Would you return the data exactly as given, except for its pictures?

· · · · · · ·

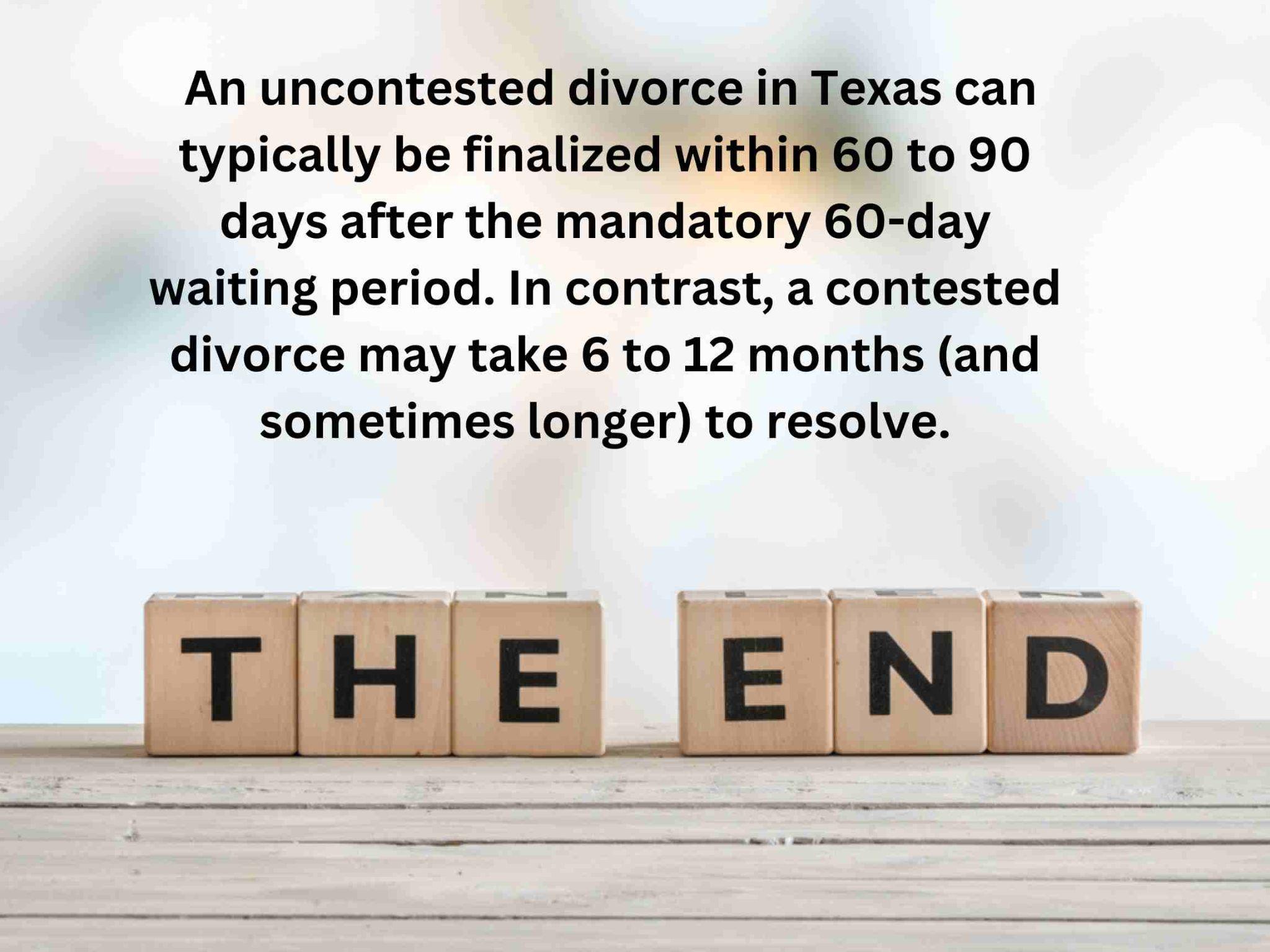 By Texas law, there’s a 60-day “cooling-off” period after filing. Use this time for negotiations, mediation, or drafting a marital settlement agreement if aiming for an uncontested divorce.
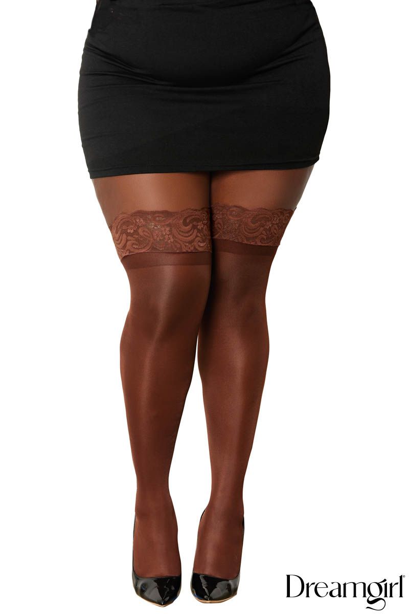 Sheer Thigh High Stockings With Lace Top
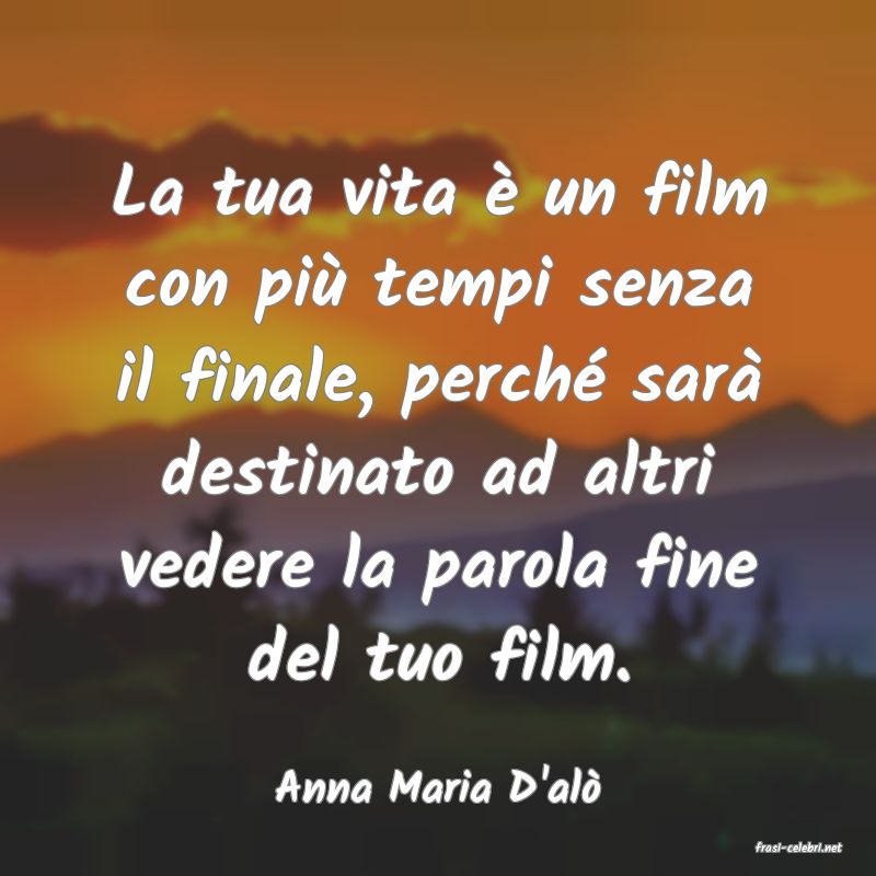La tua vita è un film con più tempi senza il finale, perché sarà destinato ad altri vedere la parola fine del tuo film. Anna Maria D'al?
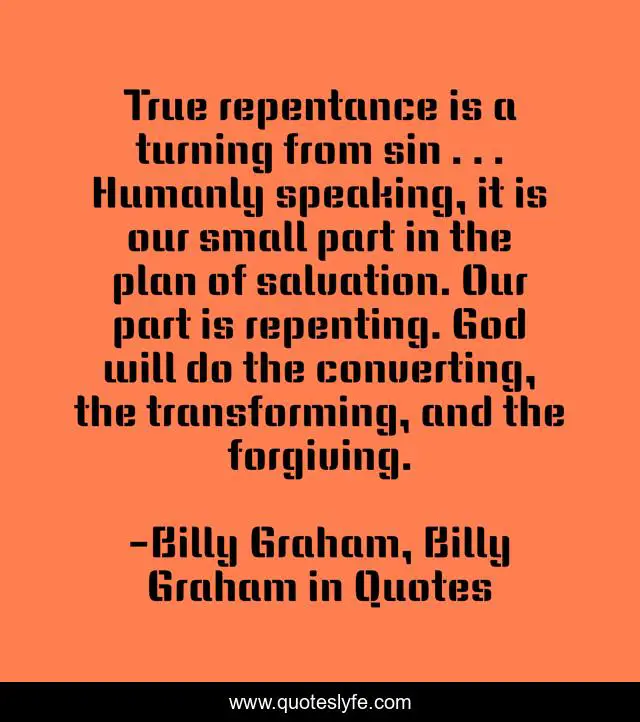 This page presents the quote "True repentance is a turning from sin . . . Humanly speaking, it is our small part in the plan of salvation. Our part is repenting. God will do the converting, the transforming, and the forgiving.". Author of this quote is Billy Graham, Billy Graham in Quotes. This quote is about transforming, god, billy-graham, repentence, converting, forgiving, salvation, sin,.
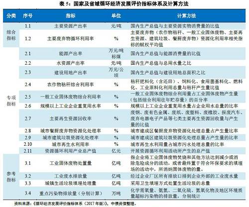 在專項指標的具體選擇上,資源產出效率指標主要從能源資源、水資源、建設用地等方面進行考察;資源循環利用(綜合利用)指標的選擇,兼顧了農業、工業、城市生產生活等;資源循環產業指標,則主要從相應產業規模方面進行考察,包括資源循環利用產業總產值指標。
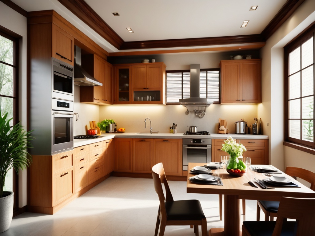 选择豪华厨房的照明设计需要考虑光线明亮、均匀、无阴影。可以采用多种照明方式,如整体照明、局部照明和装饰照明相结合。整体照明可以选择吊灯、筒灯等,照亮整个厨房空间;局部照明可以选择下方柜灯、吸顶灯等,照亮烹饪台面等特定区域;装饰照明可以选择壁灯、吊灯等,提升豪华感。此外,还可以考虑使用LED灯具,它们能够提供明亮的光线,并且具有节能、环保的特点。在选择照明设计时,还要注意与整体装修风格的协调性,确保照明效果与豪华厨房装修风格相匹配。
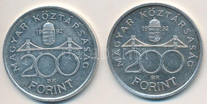1992. 200Ft Ag "MNB" (2x) T:2 https://www.darabanth.com/de/260-Fernauktion/260.0/Numismatik/Ungarische-Munzen-und-Munzen-mit-ungarischem-Munzzeichen~300007/1992-200Ft-Ag-MNB-2x-T2~II1285964
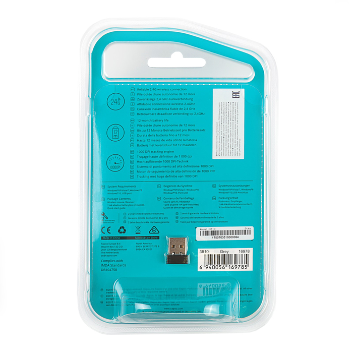 Мышь беспроводная Rapoo 3510, grey подходит для выполнения разных задач, может использоваться в офисе или дома. Подключается к компьютеру или ноутбуку.
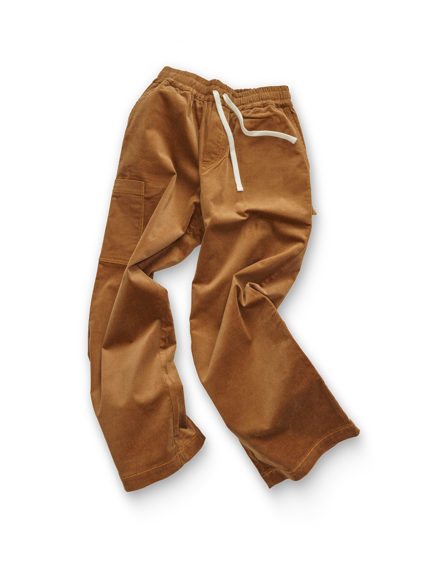 Вельветовые брюки свободного кроя из хлопка. Вдохновлены эстетикой рабочей одежды. Два кармана сзади и один боковой. Эластичная резинка на шнурке. Сделано в России

· · · · · · ·

Answer to this problem -
 By Texas law, there’s a 60-day “cooling-off” period after filing. Use this time for negotiations, mediation, or drafting a marital settlement agreement if aiming for an uncontested divorce.
 Sheer Thigh High Stockings With Lace Top
La tua vita è un film con più tempi senza il finale, perché sarà destinato ad altri vedere la parola fine del tuo film. Anna Maria D'al?
 This page presents the quote "True repentance is a turning from sin . . . Humanly speaking, it is our small part in the plan of salvation. Our part is repenting. God will do the converting, the transforming, and the forgiving.". Author of this quote is Billy Graham, Billy Graham in Quotes. This quote is about transforming, god, billy-graham, repentence, converting, forgiving, salvation, sin,.
 在專項指標的具體選擇上,資源產出效率指標主要從能源資源、水資源、建設用地等方面進行考察;資源循環利用(綜合利用)指標的選擇,兼顧了農業、工業、城市生產生活等;資源循環產業指標,則主要從相應產業規模方面進行考察,包括資源循環利用產業總產值指標。
 选择豪华厨房的照明设计需要考虑光线明亮、均匀、无阴影。可以采用多种照明方式,如整体照明、局部照明和装饰照明相结合。整体照明可以选择吊灯、筒灯等,照亮整个厨房空间;局部照明可以选择下方柜灯、吸顶灯等,照亮烹饪台面等特定区域;装饰照明可以选择壁灯、吊灯等,提升豪华感。此外,还可以考虑使用LED灯具,它们能够提供明亮的光线,并且具有节能、环保的特点。在选择照明设计时,还要注意与整体装修风格的协调性,确保照明效果与豪华厨房装修风格相匹配。
1992. 200Ft Ag "MNB" (2x) T:2 https://www.darabanth.com/de/260-Fernauktion/260.0/Numismatik/Ungarische-Munzen-und-Munzen-mit-ungarischem-Munzzeichen~300007/1992-200Ft-Ag-MNB-2x-T2~II1285964
 Мышь беспроводная Rapoo 3510, grey подходит для выполнения разных задач, может использоваться в офисе или дома. Подключается к компьютеру или ноутбуку.
 Вельветовые брюки свободного кроя из хлопка. Вдохновлены эстетикой рабочей одежды. Два кармана сзади и один боковой. Эластичная резинка на шнурке. Сделано в России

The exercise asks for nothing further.